The minister for disabled people has invited ridicule after giving his first major interview since his appointment to a senior civil servant in his own department.
Justin Tomlinson was appointed as minister in mid-May, but in three months he does not appear to have submitted himself to a single serious interview with a journalist about disability issues.
Disability News Service first submitted a request to the Department for Work and Pensions (DWP) press office in May to interview Tomlinson about issues such as the much-mocked Disability Confident campaign, personal independence payment reforms and cuts, and the troubled Access to Work scheme.
Another interview request was submitted on 26 June, through the department’s ministerial correspondence email address, but so far there has been no response from Tomlinson’s office.
An internet search suggests that Tomlinson has not yet carried out a single interview about his role as minister for disabled people, other than with his local paper and a representative of the charity United Response.
But now his department has posted an interview in which Tomlinson answers questions put to him by Pat Russell, head of the Office for Disability Issues (ODI), which is part of DWP and his own ministerial portfolio.
Russell asks a series of questions which include inviting Tomlinson to comment on his ministerial role, his appreciation of the ODI, and his priorities as minister for disabled people.
The interview was posted on 6 August on the website of DWP’s own Disability Action Alliance – a network of mainly, but not solely, non-user-led organisations with an interest in disability issues – but does not appear to have been publicised via social media, or by the minister’s public relations team.
In the interview, Tomlinson says one of his priorities is to halve the disability employment gap, partly by raising the profile of the Disability Confident campaign, particularly with small businesses.
He says: “It’s getting to those smaller businesses, like when I used to have my own business, giving them the confidence to take somebody on.
“I know for those employers actually the opportunity it’s for them because there is a shortage of willing and skilled staff out there and actually there are lots and lots of disabled people who have the skills, who want to work, who want to contribute.
“All the evidence shows you give them that chance, you overcome what often are very, very small barriers, they will be very loyal, very good members of staff, and it’s a real opportunity for employers.”
He said much of his role as minister would be “looking at how I can influence other departments to make a real difference”.

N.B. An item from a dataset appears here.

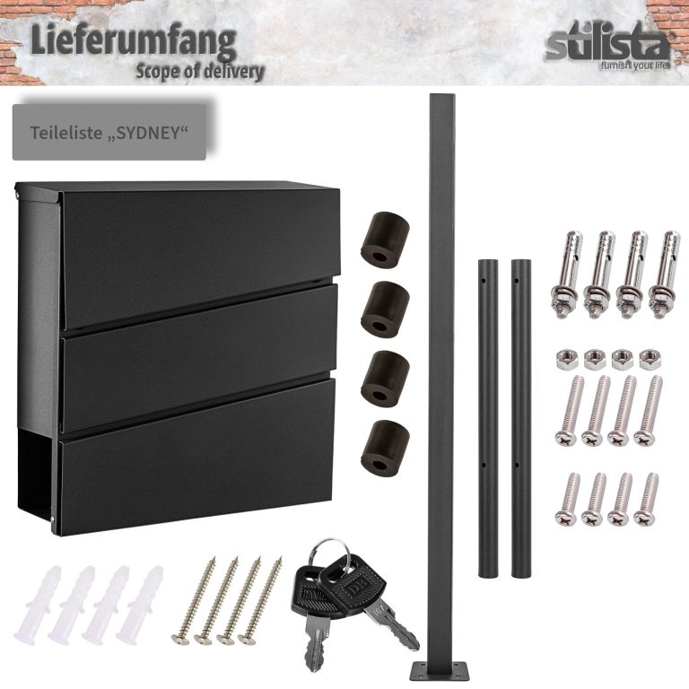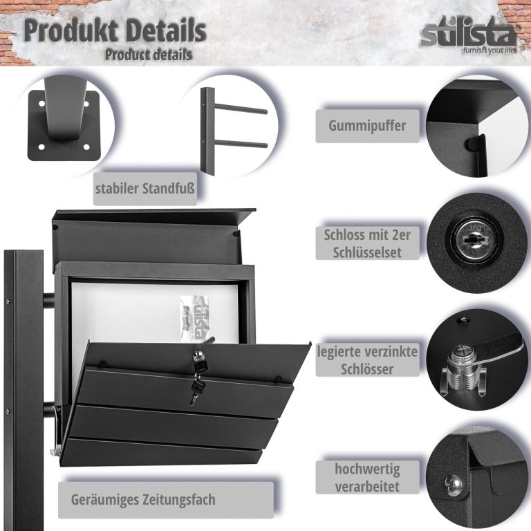 Cutia poștală de perete Stilista, cu un design modern, oferă o mulțime de spațiu de depozitare pentru scrisorile și cărțile poștale. Cutia poștală are o fantă mare pentru scrisori și, prin urmare, este potrivită și pentru scrisori mari și plicuri mai groase. Ele sunt astfel protejate de intemperii. Datorită materialului de asamblare furnizat, puteți asambla cutia poștală rapid și ușor. Datorită piciorului, puteți plasa cutia poștală separat și nu aveți nevoie de un perete pentru montare.

And he said he could make the greatest difference to disabled people by “directly engaging with them, and with stakeholder groups, so that they can shape what my priorities are, what the government’s priorities are, and how we can change attitudes in society”.
He adds: “I am going to be as accessible as I can be, I am going to engage as often as I can.”
Other than brief comments about access and the built environment, the only other major area of concern he is asked about by his civil servant is disability hate crime, which he says is an “incredibly important and incredibly serious issue”, requires cross-government working with Robert Buckland, the solicitor general, and will be “a real key priority”.